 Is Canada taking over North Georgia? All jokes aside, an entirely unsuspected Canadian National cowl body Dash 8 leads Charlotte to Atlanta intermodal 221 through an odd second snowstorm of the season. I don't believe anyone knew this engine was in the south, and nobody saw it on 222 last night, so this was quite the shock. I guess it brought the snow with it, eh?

^^^^

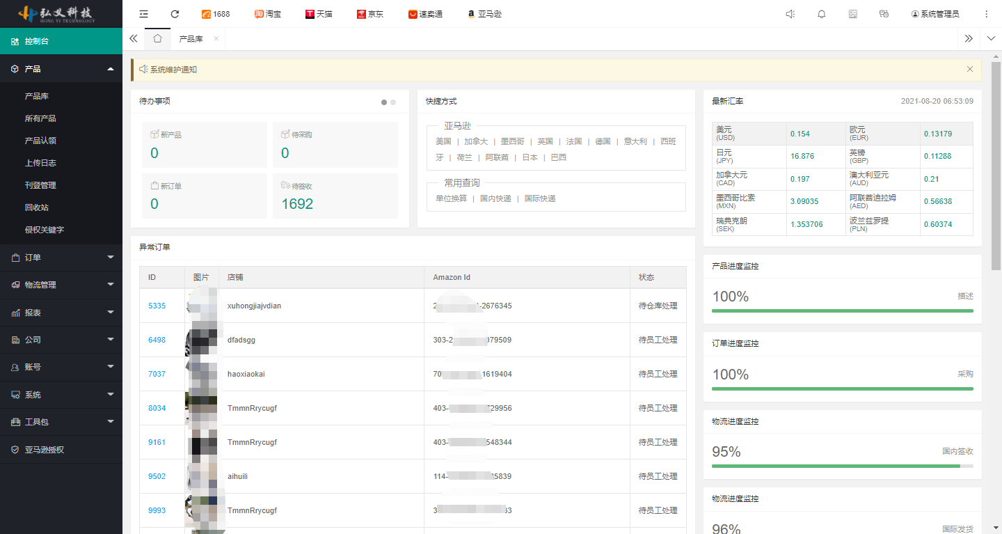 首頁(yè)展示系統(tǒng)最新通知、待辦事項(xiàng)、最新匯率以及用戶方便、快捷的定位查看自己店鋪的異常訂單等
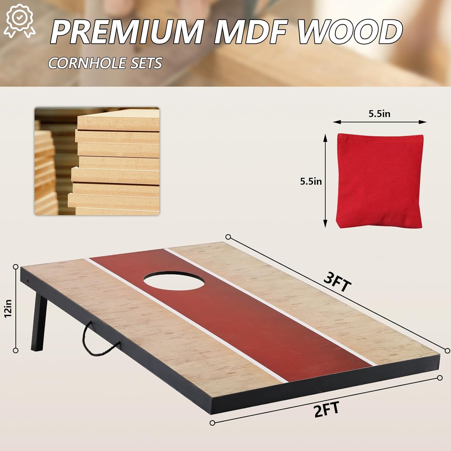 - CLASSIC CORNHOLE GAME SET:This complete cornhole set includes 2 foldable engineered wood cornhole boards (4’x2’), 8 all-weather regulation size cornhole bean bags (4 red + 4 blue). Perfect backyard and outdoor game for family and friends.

^^^^

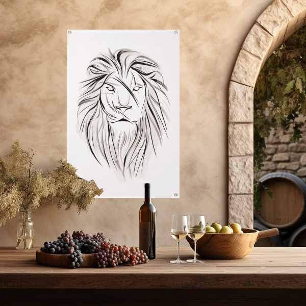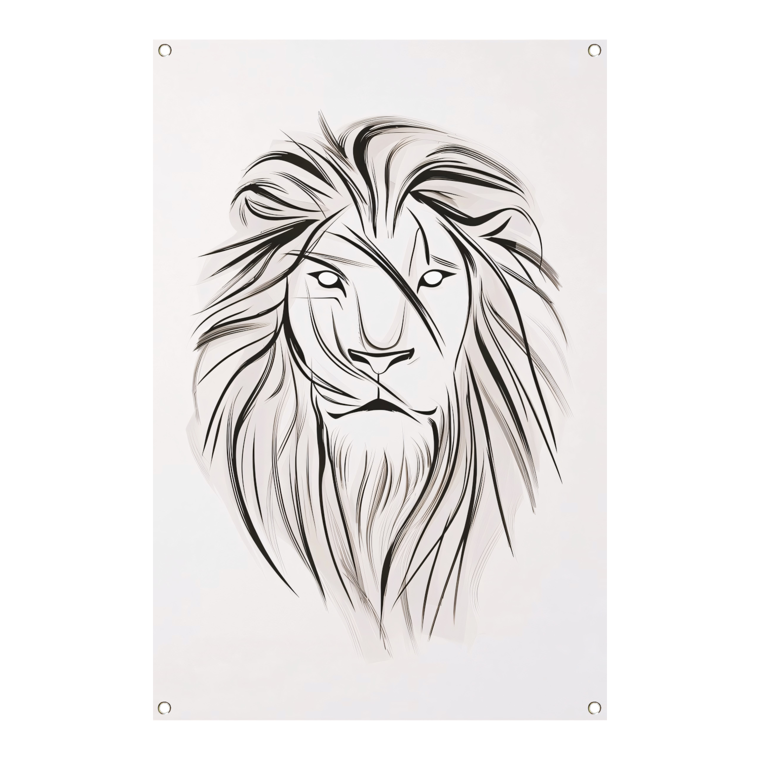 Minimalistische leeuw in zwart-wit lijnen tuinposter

^^^^

Your assignment:
Pictures aside, print exactly the lines above starting with the one containing "首頁(yè)展示系統(tǒn" and going on through the one containing "- CLASSIC CORNHOLE".

Reply:
 首頁(yè)展示系統(tǒng)最新通知、待辦事項(xiàng)、最新匯率以及用戶方便、快捷的定位查看自己店鋪的異常訂單等
 - CLASSIC CORNHOLE GAME SET:This complete cornhole set includes 2 foldable engineered wood cornhole boards (4’x2’), 8 all-weather regulation size cornhole bean bags (4 red + 4 blue). Perfect backyard and outdoor game for family and friends.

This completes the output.